Police brutality is a public health crisis

Police brutality is a public health crisis

New York police officers beating protesters with batons on May 30. | Mostafa Bassim/Anadolu Agency via Getty Images

Protesting during a pandemic is a risk. But so is the status quo of police violence.

America’s crises are boiling over, one into another. Amid the coronavirus pandemic, masses of people are taking the streets to protest police brutality after the death of George Floyd in Minnesota, and other victims of racial violence.

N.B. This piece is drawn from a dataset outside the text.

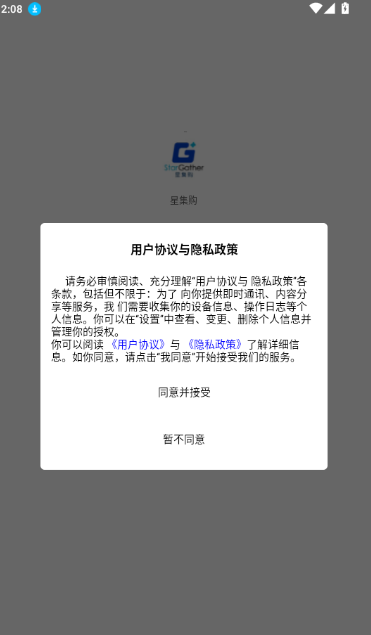 1、打开软件阅读“用户协议与隐私政策”,点击“同意并接受”,即可进入应用。

These two stories are linked. They are both public health stories. The link is systemic racism.

“The same broad-sweeping structural racism that enables police brutality against black Americans is also responsible for higher mortality among black Americans with Covid-19,” Maimuna Majumder, a Harvard epidemiologist working on the Covid-19 response, tells Vox.

“One in every 1,000 black men and boys can expect to be killed by police in this country,” she says. “To me, this clearly illustrates why police brutality is a public health problem; anything that causes mortality at such a scale is a public health problem.”

 PNAS
An August 2019 study in PNAS concluded “about 1 in every 1,000 black men can expect to be killed by police.” For white men, it’s about 1 in 2,500.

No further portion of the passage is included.